Should I Attend Family Events Where Sinful Activities Occur?
1) Direct answer
Go only if you can be present without partaking in, approving of, or being shaped by the sin. If the event is given to open sin and you cannot maintain a clean testimony, don’t attend. Honor family, but obey God first.
2) Scriptural explanation
- The Bible says, “Have no fellowship with the unfruitful works of darkness, but rather reprove them” (Ephesians 5:11). “Come out from among them, and be ye separate” (2 Corinthians 6:17). “Blessed is the man that… sitteth not in the seat of the scornful” (Psalm 1:1).
- Yet we are “in the world” though not “of the world” (John 17:15-16). Jesus ate with sinners to call them to repentance, not to join their deeds (Matthew 9:10-13).
- “Evil communications corrupt good manners” (1 Corinthians 15:33). “Abstain from all appearance of evil” (1 Thessalonians 5:22). “It is good neither to eat flesh, nor to drink wine, nor any thing whereby thy brother stumbleth” (Romans 14:21).
- If an unbeliever invites you, you may go with a clean conscience, but you must not be brought under the power of anything, and you must do all to God’s glory (1 Corinthians 10:27-31).

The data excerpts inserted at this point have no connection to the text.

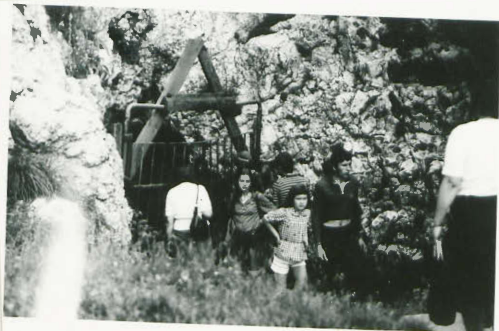
Kraków - smocza jama
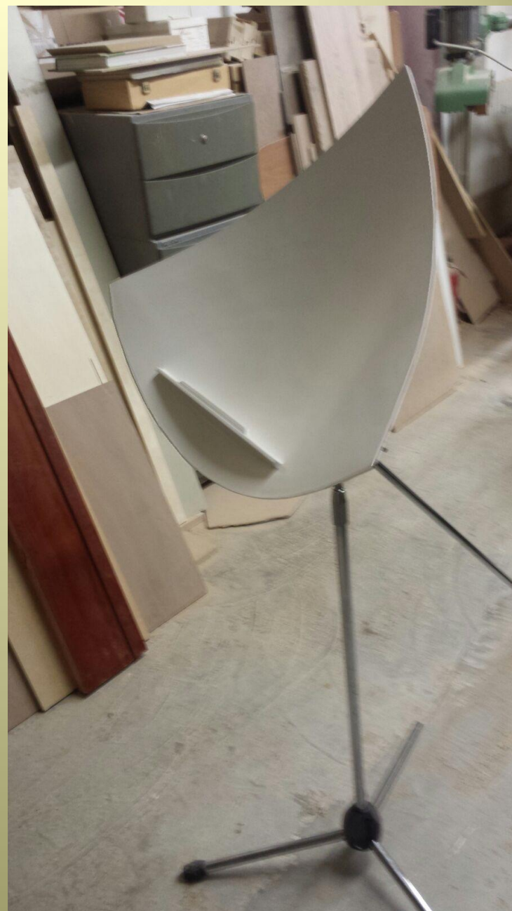
Binel montato per test
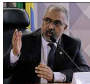
Projeto de Paulo Paim reduz tempo de contribuição para quem tem HIV
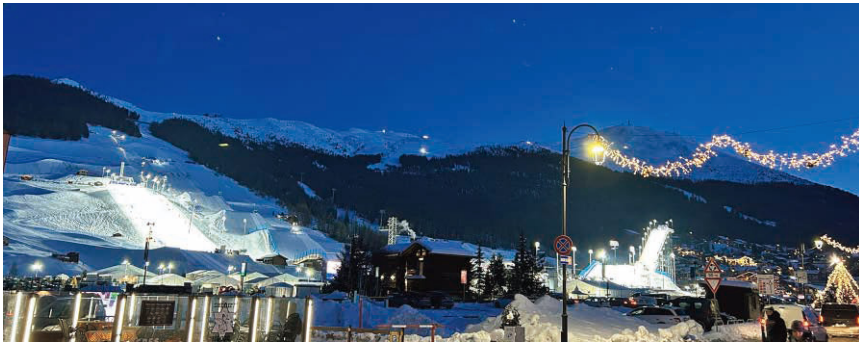
写真1 街から見た競技会場(夜) 左のライトアップされたハーフパイプの左隣にはクロスのコース、右隣にはスロープスタイルコース、右はビッグエア。

期間中は多くの印象深い選手達に出会えました。入村前にケガをしてしまった選手の驚異的な回復、初出場から8年でとうとう金メダルを獲得した選手の人間の成長、金メダルを目指し競技力だけではなく周囲から応援されるような人物になるべく努力する選手など。今大会では史上最多の24個のメダルを獲得してくれました。フィギュアスケートペア“りくりゅう”の大逆転金メダル、スピードスケート高木美帆選手の個人史上最多10個のメダル獲得、スキージャンプ団体の北京大会からのリベンジメダル獲得など。その中でリビーニョが最もメダル数も多く、大変盛り上がったオリンピックとなりました。またトレーナーのケア・コンディショニング総数は160件を超え、これも史上最多かと思えます。この場をお借りして、共に戦った仲間たちに感謝申し上げます。
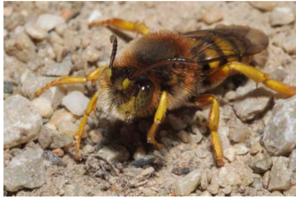
Figure 2. Mâle de Nomada agrestis FABRICIUS (Hymenoptera, Apidae), 11.III.2007, Narbonne (F)
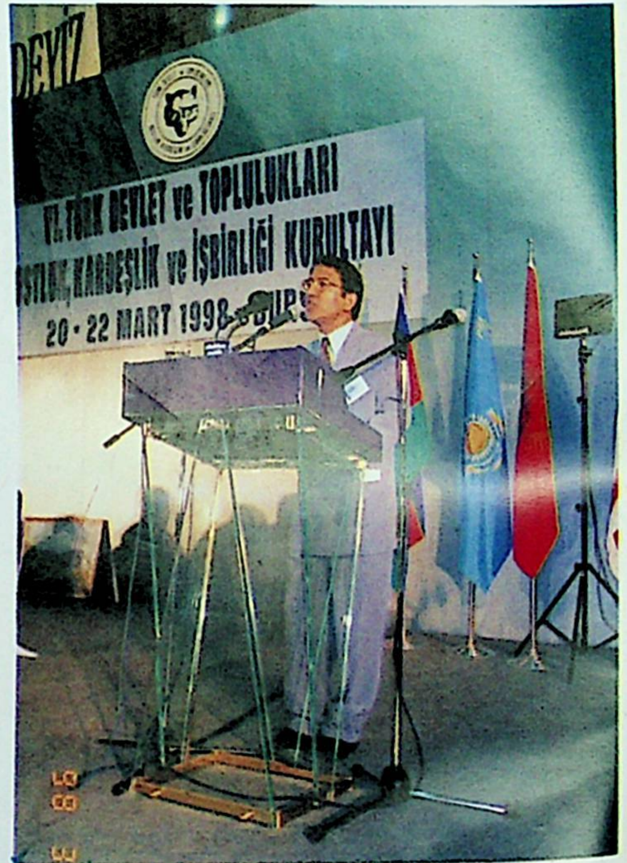
Ismail Cengiz Türk Kurultayı'nda Protokol Konuşması Yaparken
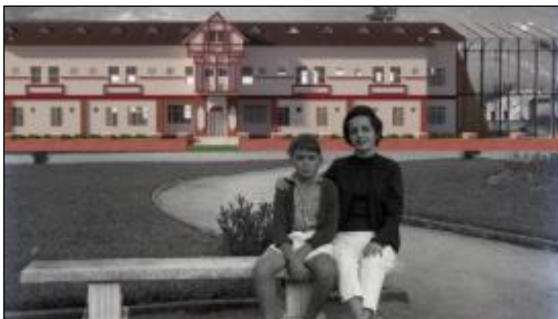
Figura 1 – Fotomontagem do Centro Cultural Imperador sobre foto de turista em 1979

O Centro Cultural Imperador foi ponderado a fim de valorizar um edifício já existente. Com a necessidade de preservação de um patrimônio da cidade, o Hotel Imperador teve a alteração dos usos de seus espaços, porém sua fachada marcante permaneceu preservada (Figura 1). Com os novos usos, o edifício foi dividido em três pavimentos que tem por objetivo apresentar e ministrar a cultura daquela sociedade.
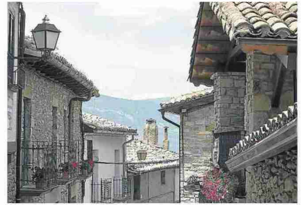
Detalle de los bonitos tejados de Artieda. L.U.
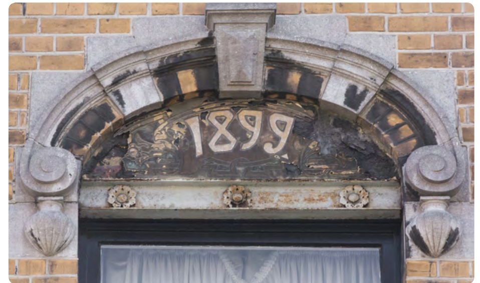
Deze sgraffito heeft vele pathologieën: loskomen van de pleister, zwarte korsten, dof worden van kleuren, enz.

Zodra er witte of donkere vlekken, zwarte korsten of barsten verschijnen, of zodra stukken van de bovenlaag loslaten, is het raadzaam zo snel mogelijk een beroep te doen op een vakman om een diagnose te stellen. Zelf ingrijpen is ten stelligste af te raden omdat de interventietechnieken correct gekozen en uitgevoerd moeten worden, om de pleister niet nog meer te beschadigen.

If pressured to compromise, “we ought to obey God rather than men” (Acts 5:29).
3) Simple clarifying logic
- Light does not fellowship with darkness. Presence is possible; participation is not. If your presence becomes approval, leave.
- The strongest walk is sobriety and separation. Where there is drunkenness, lewdness, filthy talk, or music and dancing that inflame lust, you are safer to abstain and depart.
- You can visit to show love to family, but your purpose must be to honor Christ. If that purpose is frustrated, your place is outside.
Practical guardrails
- Before you go, decide your boundaries:
- I will not drink, dance, gamble, or join crude talk.
- If the atmosphere turns sinful, I will politely leave.
- I will not stay where my conscience is defiled or my testimony is confused.
- Go with a witness: a believing spouse or friend, a clear exit plan, and your own beverage if needed to avoid pressure.
- Speak kindly and plainly:
- “I’m glad to see you, but I don’t drink. Thanks for understanding.”
- “I’m stepping out now—this isn’t my place to be. Love you all.”
- If attending will tempt you, confuse weaker believers, or embolden family in sin by your presence, don’t go. Peace with all men must be “with holiness” (Hebrews 12:14).
Short reinforcement
You see, the Bible calls us to be separate, yet shining. Go only as a light. The moment light is dimmed or mixed with darkness, step away. Honor family, keep a clean testimony, and let Christ be first.